Homozygosity for SLC24A5 exon 7 deletion. Homozygosity for the 628 bp deletion of SLC24A5 is not lethal as evidenced by a single blue-eyed horse. The bilateral blue eye color is shown here (right eye is shown in inset).

Two genetic mutations identified in Puerto Rican Paso Fino horses in a just-published study could explain 88% of cases with the striking “tiger-eye” coloring.

Tiger-eye has not been documented to date in any breed other than the Puerto Rican Paso Fino. The breed is an isolated island population believed to have originated from the importation of Spanish horses, including the now extinct Spanish-Jennets, and are closely related to other breeds of Spanish origin.

While the breed is perhaps best-known by horse enthusiasts for its distinct lateral four beat “fino” gait, tiger-eyed horses are especially valued for their striking appearance.

Most horses have brown eyes, but in “tiger eye” the horse’s iris color is characterised by shades of orange, yellow, and amber. The favorable trait does not appear to harm vision in any way.

Rebecca Bellone and her colleagues said pedigree analysis identified a simple recessive mode of inheritance for the trait.

The research team carried out detailed genetic testing on 24 Paso Fino horses which led them to the ECA 1 region, which harbors the candidate gene.

Phenotype scale used for iris color variation. Yellow, amber, and bright orange irises were considered to be tiger-eyed. Horses with dark brown/black eyes were considered to be the wild-type phenotype. Blue, light brown, and gray were excluded from the study.
Phenotype scale used for iris color variation. Yellow, amber, and bright orange irises were considered to be tiger-eyed. Horses with dark brown/black eyes were considered to be the wild-type phenotype. Blue, light brown, and gray were excluded from the study.

They zeroed in on the SLC24A5 gene, which is known to have a role in pigmentation in humans, mice, and zebrafish.

For example, humans with mutations in this gene are known to have albinism affecting the eyes and skin.

Two mutation in this gene were linked to tiger-eye, which they referred to as Tiger-eye 1 and Tiger-eye 2.

Testing of 122 brown-eyed Puerto Rican Paso Fino horses found that none of them were homozygous for either tiger-eye-associated gene variants (that is, none has inherited a copy of the same mutated gene from each of their parents).
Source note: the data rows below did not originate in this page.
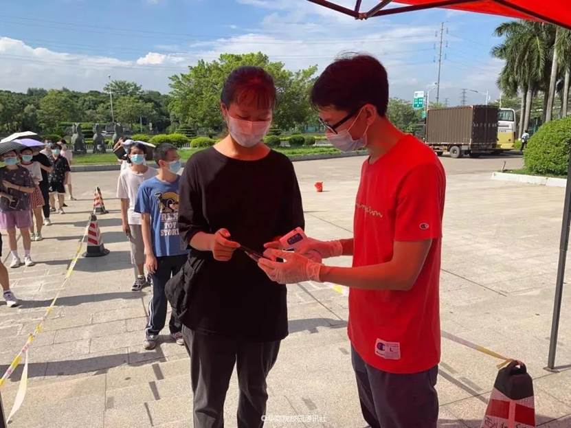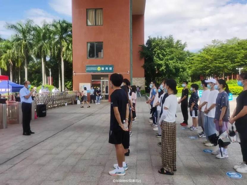 准备入校的同学们按要求排好队,佩戴好口罩,工作人员对其进行行李消毒、测温、手部酒精消毒,并按要求扫码。绿码、体温正常、48小时核酸检测阴性、无其他症状者,方可进入。
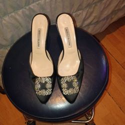 Manolo Blahnik Hangisimu 70 Embellished Satin Mules$450Pasadena, CA
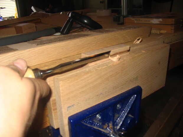 Después de cortar a la guía por un lado, hacer lo mismo con el otro. Después de los que se cortan, puede utilizar el backsaw para cortar el ángulo de la silueta de cola de Milano o simplemente usar el cincel, vas a lo largo de la veta y exija poco esfuerzo. Asegúrese de socavar. Ahora debe tener una cola áspera del pin en la parte inferior de la guía. Use un cincel para limpiar para arriba. El pasador con papel de grano 60 para realmente limpiar la arena.
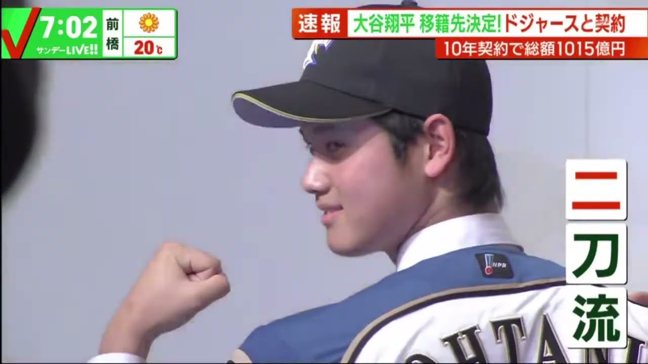 12月10日【MLB】速報大谷翔平移籍先決定!ドジャースと契約10年契約で総額1015億円
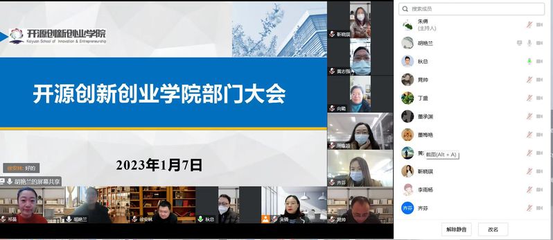 岁末年初,2022-2023第一学期即将结束。1月7日上午9点,双创学院全体教职工上线腾讯会议,共同参加期末部门大会。会议由学院党总支副书记徐进主持。
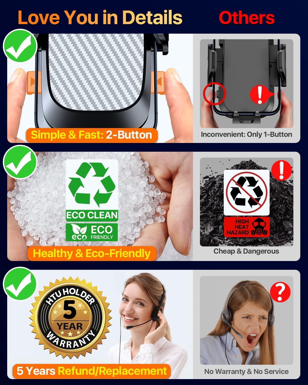 HTU 2025 Best Car Phone Holder 【Ultimate 5-in-1 & Upgraded 100+LBS Strongest Suction】【True Military-Grade & Safety Cert】 360° Windshield Dashboard Vent Mount Stand for iPhone Android & Truck, Grey
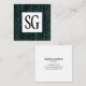 A square business card template with initials placed inside a square panel. This version also has a background image. The initials are in the Integrity bold font. Name and profession/job title along with telephone, email and website address in black on the reverse side on a white background, using variations of the Matt Antique font.
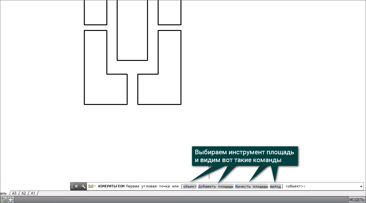 Теперь рассмотрим суббопции подсчета площадей. Выбрав инструмент площадь, в командной строке мы увидим такие команды: Объект, Добавить площадь, Вычесть площадь, Выход.
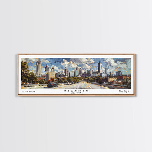 • Atlanta Georgia Panoramic Painting, Mid Century Modern Framed Canvas Print, Retro Pop Art Travel Poster, Wall Decor, Gift Idea, Home Decor
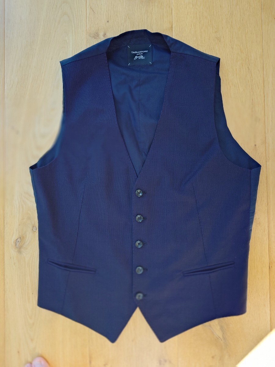 ★着用回数1回のみ/ほぼ新品未使用品★ TAGLIATORE タリアトーレ ジレ ベスト 濃紺系 ビームス購入 イタリア製 48 です。ビームスジャパン新宿店で35,000円ほどで購入し、1回だけドレスシャツの上に着用後に、コロナでスーツを着る機会も減り、結果として自宅のクローゼットに保管してました。程度としては、ほぼ新品未使用の状態ですが、神経質な方のご入札はご遠慮ください。イタリアタリアトーレならではの繊細、且つ、ステキな発色の色味ですので、当方記載のカラー系に関してはあくまでも参考で捉えて、最終的なカラーと色味は写真でご判断ください。実寸は、身幅98センチ、着丈67センチです(素人採寸の為、若干の誤差はご了承ください)配送会社起因の未着などのトラブルを避けるために、追跡可能なレターパックプラスにて発送しますので、ご安心ください。
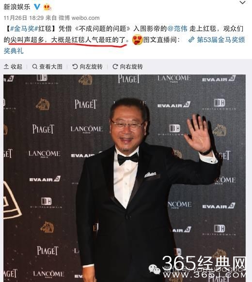 新浪娱乐说,范伟走上红毯,观众给了最多的尖叫。他才是红毯上人气最旺的人。

“Here, we propose that two mutations in SLC24A5 affect iris pigmentation in tiger-eye Puerto Rican Paso Fino horses,” the researchers reported in their study, published in the journal G3: Genes | Genomes | Genetics.

Bellone her colleagues are the first to unravel the genetics of an iris color variant in horses with no known associated coat dilution or white spotting. Interestingly, in humans, mutations in this gene are associated with multiple effects, but in Paso Finos it appears to affect only eye color – and without weakening pigmentation.

A board-certified veterinary ophthalmologist, as part of the study, conducted detailed eye examinations of a small group of Paso Fino horses with and without tiger-eye, finding no ocular abnormalities associated with the mutations. No visual deficits were noted and no signs of reduced pigmentation in the retina or on the retinal pigment epithelium were observed.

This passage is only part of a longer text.